What are the commend-line options passed to ld?
Comment 8 Rainer Orth 2018-01-19 17:36:59 UTC
> --- Comment #7 from H.J. Lu <hjl.tools at gmail dot com> ---
[...]
> What are the commend-line options passed to ld?

ld -plugin ./liblto_plugin.so -plugin-opt=./lto-wrapper \
        -plugin-opt=-fresolution=-plugin-save-temps.res \
        -flto \
        -o gcc-dg-lto-20090210-01.exe \
        /usr/lib/crt1.o \
        c_lto_20090210_0.o c_lto_20090210_1.o \
        -lc
Comment 9 H.J. Lu 2018-01-19 17:59:43 UTC
[hjl@gnu-6 pr22721]$ cat foo1.c 
extern __thread int foo_var;

int
main (void)
{
  return foo_var;
}
[hjl@gnu-6 pr22721]$ cat foo2.c 
__thread int foo_var = 2;
[hjl@gnu-6 pr22721]$ cat tls.S
	.text
	.globl __tls_get_addr
	.globl ___tls_get_addr
__tls_get_addr:
___tls_get_addr:
	ret
[hjl@gnu-6 pr22721]$ cat tls.v
SUNWprivate_1.1 {
global:
  __tls_get_addr;
  ___tls_get_addr;
local:
  *;
};
[hjl@gnu-6 pr22721]$ make
gcc -m32 -O2 -flto -fPIC   -c -o foo1.o foo1.c
gcc -m32    -c -o tls.o tls.S
./ld -m elf_i386 -shared -o libtls.so tls.o --version-script tls.v
gcc -m32 -O2 -flto -fPIC   -c -o foo2.o foo2.c
gcc -m32 -O2 -flto -o foo1 foo1.o libtls.so foo2.o
/usr/local/bin/ld: /tmp/ccmYn52R.ltrans0.ltrans.o: TLS transition from R_386_TLS_GD to R_386_TLS_IE_32 against `foo_var' at 0x15 in section `.text.startup' failed
/usr/local/bin/ld: warning: type and size of dynamic symbol `___tls_get_addr@@SUNWprivate_1.1' are not defined
/usr/local/bin/ld: final link failed: Nonrepresentable section on output
collect2: error: ld returned 1 exit status
make: *** [Makefile:26: foo1] Error 1
[hjl@gnu-6 pr22721]$
Comment 10 H.J. Lu 2018-01-19 18:58:33 UTC
Please try:

https://sourceware.org/ml/binutils/2018-01/msg00293.html
Comment 11 Rainer Orth 2018-01-19 19:27:51 UTC
> --- Comment #10 from H.J. Lu <hjl.tools at gmail dot com> ---
> Please try:
>
> https://sourceware.org/ml/binutils/2018-01/msg00293.html

As a quick test, I've just rebuilt binutils with that patch and ran the
failing LTO test and the various tls.exp in gcc.dg: no failures anymore.

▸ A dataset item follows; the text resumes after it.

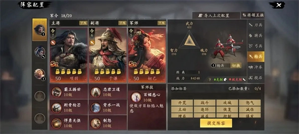 主将项羽肯定很好,没的话其他苏定方庞统也可以玩。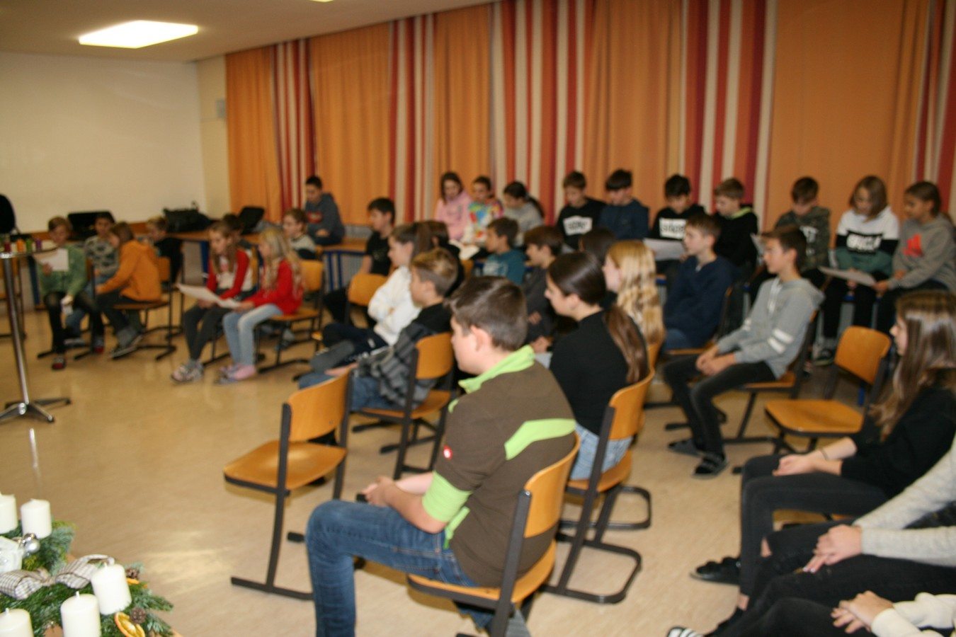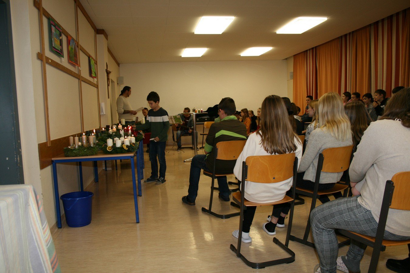 Am Freitag fand die Adventkranzweihe für die Adventkränze in den Klassen statt. Herr Christian Schenk, unser Pastoralreferent, gestaltete mit den Religionslehrern unserer Schule, Herrn Url und Herrn Baier im Mehrzweckraum eine kleine besinnliche Feier und die Klassensprecher durften die erste Kerze an den Adventkränzen anzünden. Ein großer Dank gebührt auch den Schüler*innen der 1b Klassen, die bei der Gestaltung der Feier mitgeholfen haben.

Also, upon make check in ld, the new tests PASS as well.

Thanks.
        Rainer
Comment 12 Sourceware Commits 2018-01-20 22:31:24 UTC
The master branch has been updated by H.J. Lu <hjl@sourceware.org>:

https://sourceware.org/git/gitweb.cgi?p=binutils-gdb.git;h=8a1b824af786989f879ab1421a4279f60bba141a

commit 8a1b824af786989f879ab1421a4279f60bba141a
Author: H.J. Lu <hjl.tools@gmail.com>
Date:   Sat Jan 20 14:25:24 2018 -0800

    x86: Check the versioned __tls_get_addr symbol
    
    We need to check the versioned __tls_get_addr symbol when looking up
    "__tls_get_addr".
    
    bfd/
    
    	PR ld/22721
    	* elfxx-x86.c (_bfd_x86_elf_link_check_relocs): Check the
    	versioned __tls_get_addr symbol.
    
    ld/
    
    	PR ld/22721
    	* testsuite/ld-plugin/lto.exp: Run PR ld/22721 tests.
    	* testsuite/ld-plugin/pr22721.t: New file.
    	* testsuite/ld-plugin/pr22721a.s: Likewise.
    	* testsuite/ld-plugin/pr22721b.c: Likewise.
Comment 13 Sourceware Commits 2018-01-20 22:35:47 UTC
The binutils-2_30-branch branch has been updated by H.J. Lu <hjl@sourceware.org>:

https://sourceware.org/git/gitweb.cgi?p=binutils-gdb.git;h=0a99d34019855d0dafa171796826efb0ff3d18b7

commit 0a99d34019855d0dafa171796826efb0ff3d18b7
Author: H.J. Lu <hjl.tools@gmail.com>
Date:   Sat Jan 20 14:25:24 2018 -0800

    x86: Check the versioned __tls_get_addr symbol
    
    We need to check the versioned __tls_get_addr symbol when looking up
    "__tls_get_addr".
    
    bfd/
    
    	PR ld/22721
    	* elfxx-x86.c (_bfd_x86_elf_link_check_relocs): Check the
    	versioned __tls_get_addr symbol.
    
    ld/
    
    	PR ld/22721
    	* testsuite/ld-plugin/lto.exp: Run PR ld/22721 tests.
    	* testsuite/ld-plugin/pr22721.t: New file.
    	* testsuite/ld-plugin/pr22721a.s: Likewise.
    	* testsuite/ld-plugin/pr22721b.c: Likewise.
    
    (cherry picked from commit 8a1b824af786989f879ab1421a4279f60bba141a)
Comment 14 H.J. Lu 2018-01-20 22:36:17 UTC
Fixed on master and binutils-2_30-branch.